March 12, 2007

[Editor's note: Part 3 explains how to access DSP features like circular addressing from portable C. It also shows how to use pragmas and inline assembly. Part 5 shows how to optimize memory performance, and how to make speed vs. size tradeoffs.]

To most DSP programmers, "code optimization" implies optimization of inner loops. However, there can be more to application performance than tightly vectorized inner loops.

Firstly, embedded applications include an expanding range of algorithms, and a surprising variety of expressions are creeping into critical loops. In many cases, these new types of expressions cannot be easily vectorized.

Secondly, there is a tradition in the DSP world that the bulk of the application or "control code" only matters in so far as its code size, but sometimes the bulk of the application can account for a significant percentage of the execution time. "Control code" mainly refers to decision-making code (such as switch statements) but is can also be thought of as "generic" C code. This type of code is found in all applications—not just in DSP applications—so all the normal optimization techniques from the computing mainstream are applicable here.

These factors are becoming more important as DSP pipelines grow deeper. Deeper pipelines create longer branch delays, which makes decision-making code increasingly costly. In addition, DSP oriented processors often skimp in areas such as division and speculation. (For example, they often lack the speculative execution hardware found in general-purpose processors). All of this presents new opportunities for optimization.

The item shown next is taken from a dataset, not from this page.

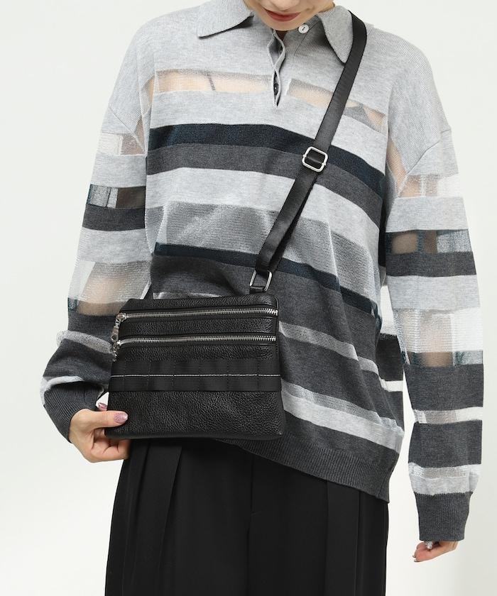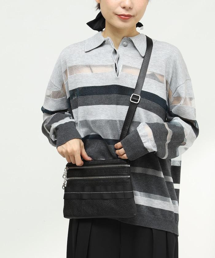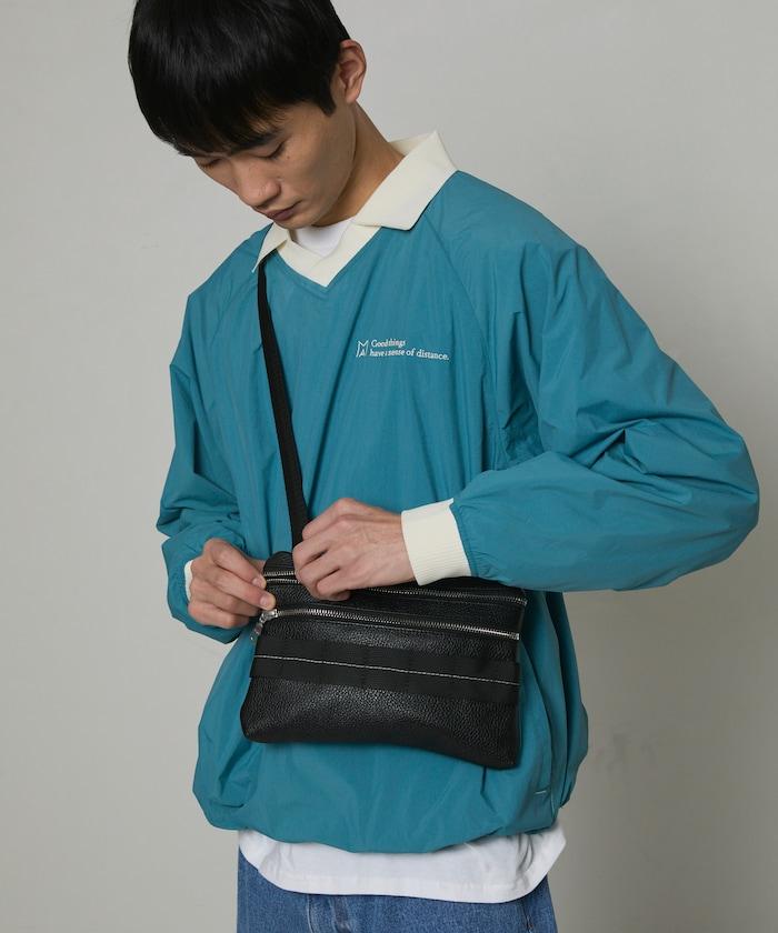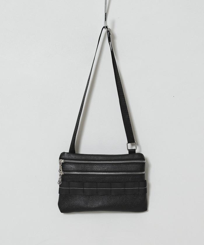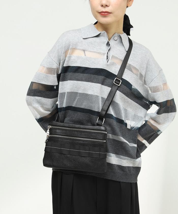 皮革拉鍊斜挎包 / 防水皮革 / 肩揹包

The most important aspect of control code is decision making. Decision-making code is full of conditional expressions. The performance of this code depends on behavior of the branches associated with the conditional expressions. It is faster to not take branches. If the processor has branch-prediction hardware, a correctly-predicted branch is faster than an incorrectly predicted branch. Thus, control code executes faster if the processor can avoid taking branches—or at least correctly predicting branches—most of the time.

To achieve this goal, compilers use profile-guided optimization. With this approach, the toolset uses multiple builds and runs to analyze the application's behavior. Each run generates a complete trace of the program path showing every transfer of control. ("Compiled simulation" techniques are very useful here, as they offer speeds hundreds of times faster than conventional simulators.) Once the compiler knows (statistically) which way every branch went, the program is recompiled to use the most efficient branches. This optimization can easily result in a 10 to 15% improvement in control code performance.

Of course, the program path may depend upon the training data you provide. In general, this means that you want to use training data that represents a typical case. In some application areas, however, it is better to use specialized test data. For example, it may be desirable to accelerate the worst-case path rather than the average performance.

The results of control flow optimization can be disorienting because the compiler will aggressively rearrange the program. On many DSPs, the cheapest control flow decision is to not take the branch and drop through to the following instruction instead. On machines like Blackfin, even correctly predicted branches jumps cost a few stall cycles, so it is better to not take branches. To achieve this goal the compiler may have to substantially rearrange your code, so large blocks of assembly will move around after this optimization.

If you can't use simulation to build a trace then you can still intervene locally in key areas. You can insert "expected true" and "expected false" into your C to tell the compiler which way you expect branches to go:

Here we see it used with an error call. In most cases the code will proceed without executing the error routine. The "expected_false" tells the compiler that calling the error function is rare. As a result, the compiler rearranges the code as follows:

< Compare>
< Conditional Branch to X>
Y: the rest of the function.

X: < Call error routine>
    < Jump Y >

In most cases we have a zero cost drop through to Y. The rearrangement also benefits the cache. Because the most-frequently executed code is now lumped together with a linear control flow, cache misses are less likely.

It is also possible to removing some conditional expressions altogether. For instance, Blackfin offers min, max, and abs machine instructions. These instructions provide the same functionality as a simple "if" statements, as illustrated in Figure 1.

Figure 1. Simple conditional expressions (left) can often be replaced by single machine instructions (right).

In this example, we remove a conditional branch, which might have taken many cycles, and replace it with a single cycle machine instruction. It also helps that the code now takes the same number of cycles whether the condition is true or false.

When using this trick, make sure you know what data types the machine instructions support. For example, on the min and max instructions on Blackfin are defined for signed 32 bit values. The compiler will easily perform the transformation for 32-bit signed data, but it may require assistance from the programmer to handle 16-bit and/or unsigned data.